Events Keep Tourists Coming Back

Seasons come and go, but for destinations with tourism as the economic driver, events are the way to keep the cash flowing, whatever the weather conditions. 

They’re an effective way to deliver a message that your town is open for business year-round. Here are some tips.

1. Start small and see what works. 

Estes Park, Colo., gateway to the Rocky Mountain National Park, is a tourist shopping mecca (and home to the fabled Stanley Hotel where Steven King’s “Shining” was filmed.) Populated by numerous independent business owners, the downtown merchants got together to plan a Winterfest Weekend focused on food and entertainment. 

The success of that spawned snowshoe weekends and skate and ice-fishing weekends. 

The idea is to bring people in and let individual business owners create their own hook to get customers in the store. 



2. Capitalize on what makes you distinct. 

Cape May, N.J., which is also blessed with a natural attraction of Victorian homes and history, has the distinction of being the only seaside resort in the Garden State where you can see the sun rise and set. That’s because of its location at the very tip of the state. 

The Cape May-Lewes Ferry, which operates year-round connecting New Jersey and Delaware, is a romantic vantage point for the view and is encouraging people to think that way by offering a special cruise package for Valentine’s Day weekend, tying in fudge and champagne. 

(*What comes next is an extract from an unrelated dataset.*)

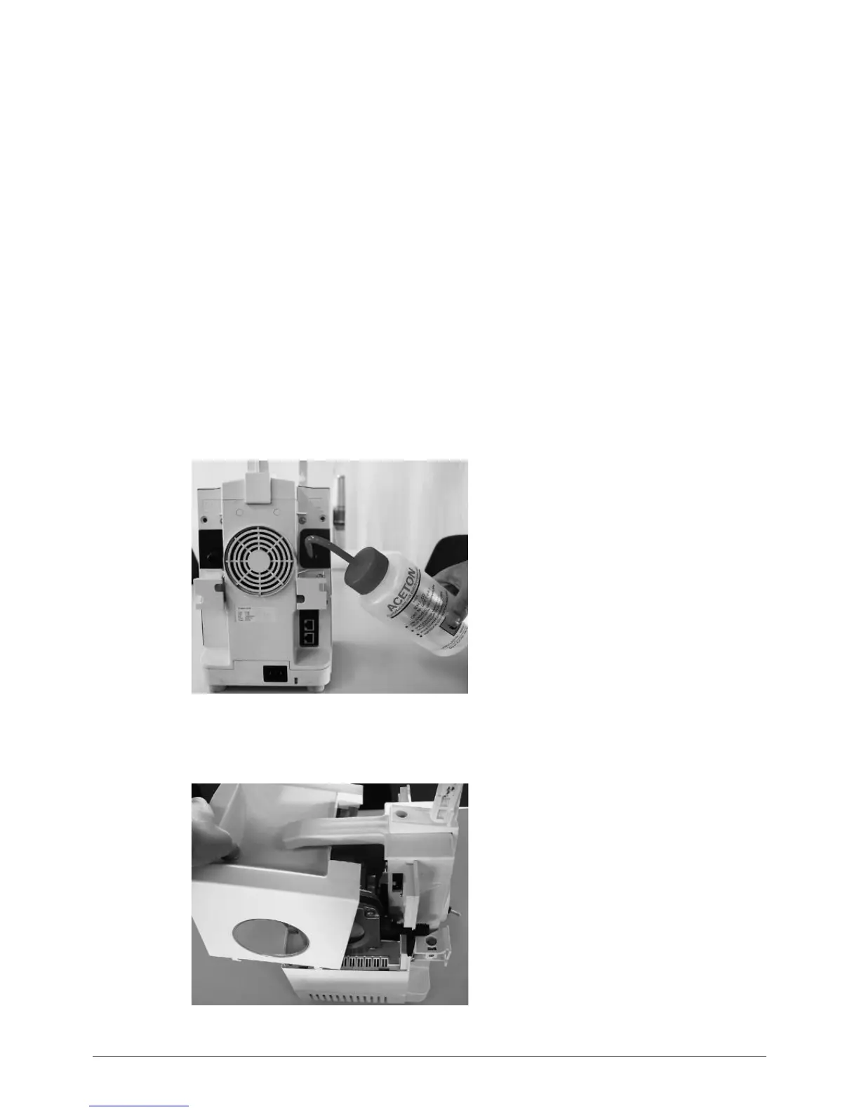 Inject a small amount of about approx. 10 ml of acetone at once into the inlet side of the pump and

The entire city will be in love mode through a Love Cape May weekend promotion organized by Cape May magazine. The appeal is heightened by the convergence this year of both Valentine’s Day and a three-day holiday weekend.

3. Get a good non-profit or board behind you. 

The Mid-Atlantic Center for the Arts and Humanities, a non-profit arts and culture organization whose mission is to promote Cape May and preserve its history, started in 1970 to expand the reach of the tourist season to year-round. 

The center uses social media heavily to promote its events and partners with the local business community. Its staff includes both a marketing and communications coordinator. 

4. Adapt to what works. 

While tours of its historic buildings was an obvious beginning for MAC, it became clear people were drawn to historical fun as well. This spawned historically researched ghost-walking tours and there’s now something going on virtually every weekend of the year, including a wine and music festival and two Sherlock Holmes weekends. 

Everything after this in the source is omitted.